■ **DATA SEGMENT**:
....................

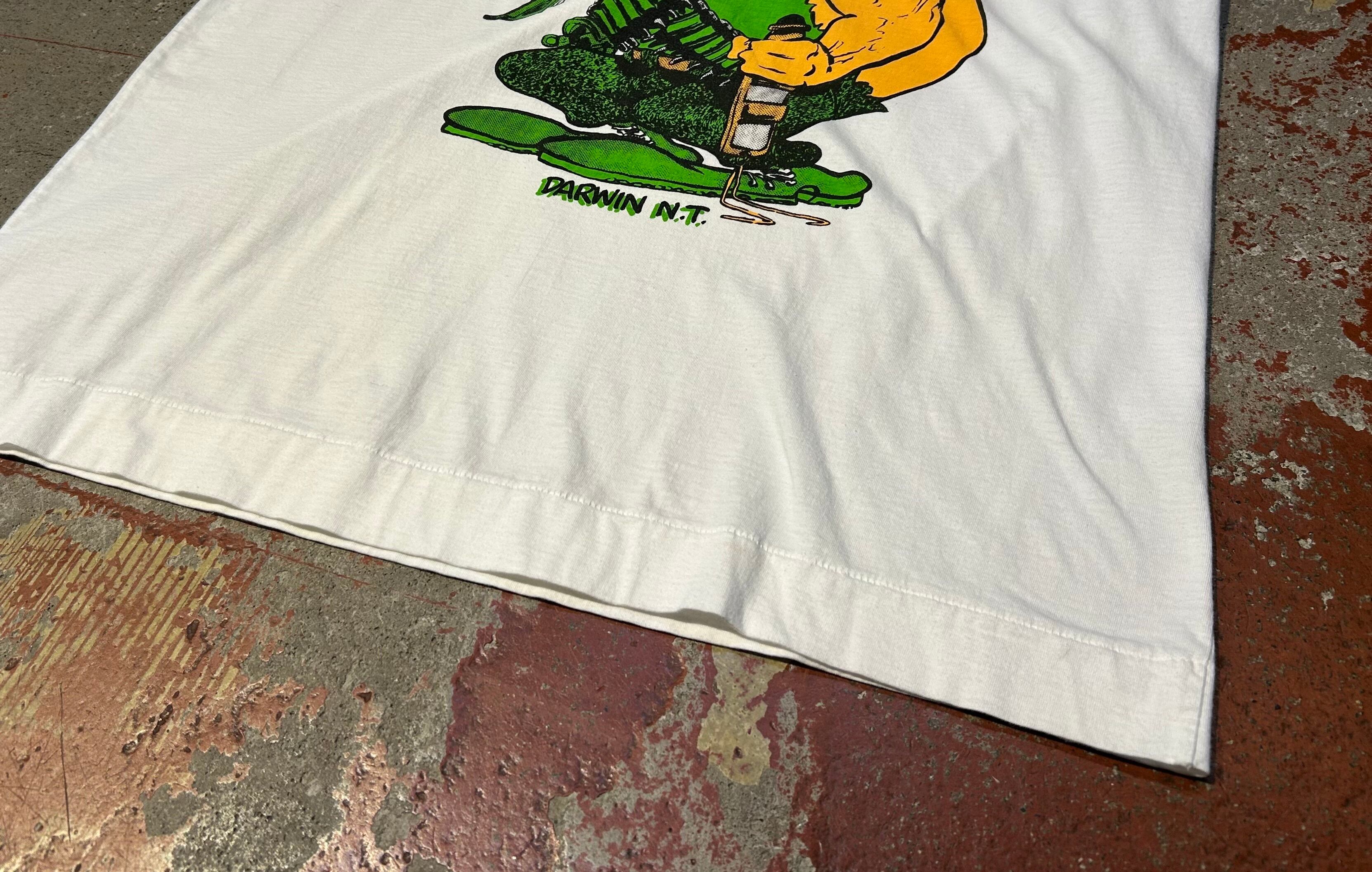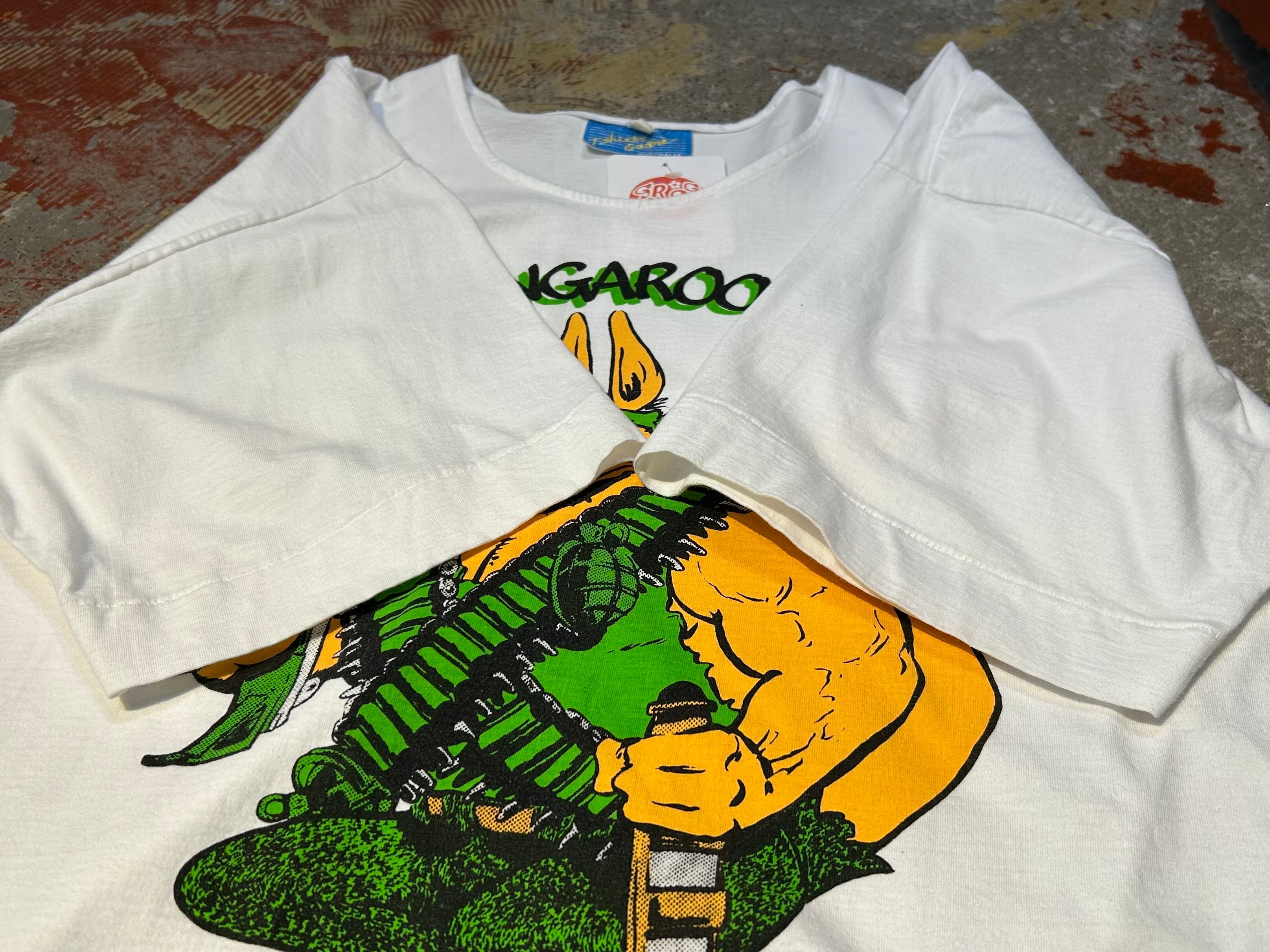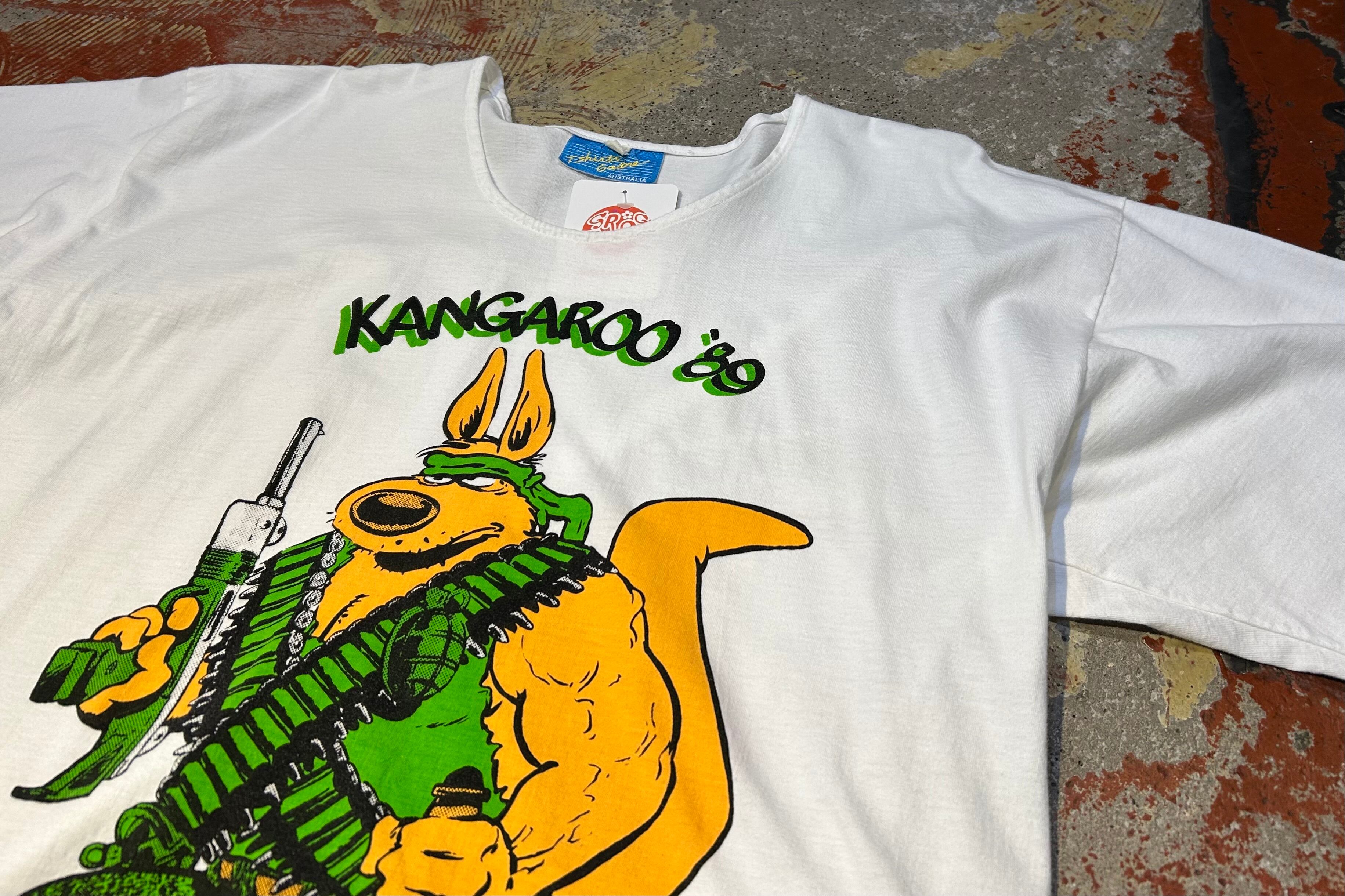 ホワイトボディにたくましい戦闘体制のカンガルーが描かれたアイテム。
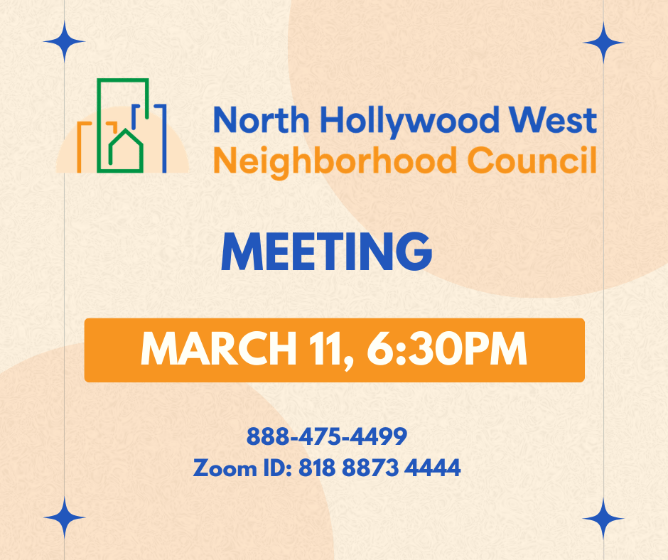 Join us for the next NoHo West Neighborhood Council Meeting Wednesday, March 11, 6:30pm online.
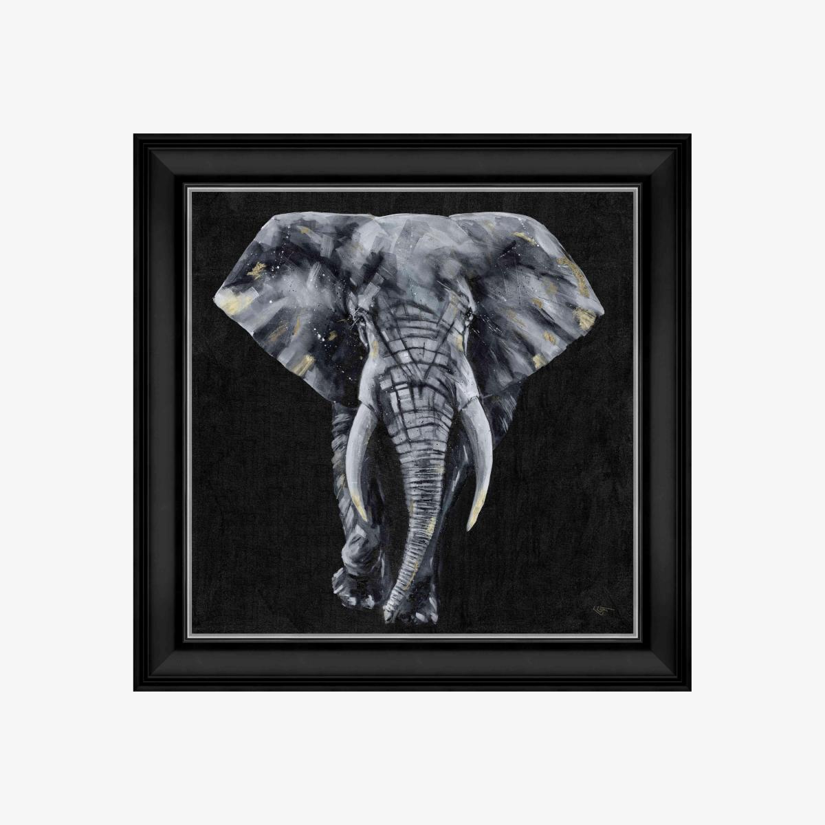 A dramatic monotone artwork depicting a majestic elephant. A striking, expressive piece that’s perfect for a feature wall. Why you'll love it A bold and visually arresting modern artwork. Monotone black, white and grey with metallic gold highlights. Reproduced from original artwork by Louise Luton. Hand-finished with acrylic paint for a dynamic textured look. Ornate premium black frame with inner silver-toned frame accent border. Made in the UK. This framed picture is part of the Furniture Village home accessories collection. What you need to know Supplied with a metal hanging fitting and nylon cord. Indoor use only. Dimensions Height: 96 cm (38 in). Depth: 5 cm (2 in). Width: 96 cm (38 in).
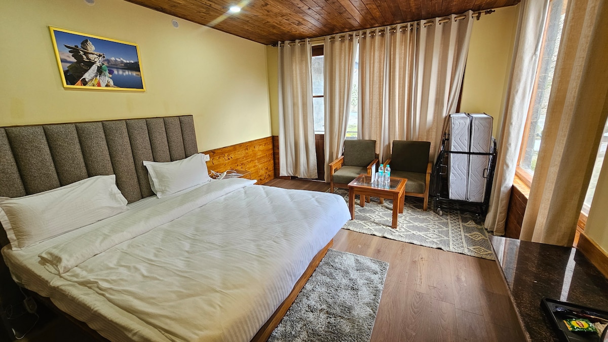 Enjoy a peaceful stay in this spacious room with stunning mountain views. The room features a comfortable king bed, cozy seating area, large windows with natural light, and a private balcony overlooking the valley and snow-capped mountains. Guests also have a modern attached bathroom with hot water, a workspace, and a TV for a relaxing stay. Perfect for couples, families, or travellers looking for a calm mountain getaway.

....................

Exactly as written, reproduce the lines from the beginning of the material through the line with "Join us for", and skip any picture.

 ホワイトボディにたくましい戦闘体制のカンガルーが描かれたアイテム。
 Join us for the next NoHo West Neighborhood Council Meeting Wednesday, March 11, 6:30pm online.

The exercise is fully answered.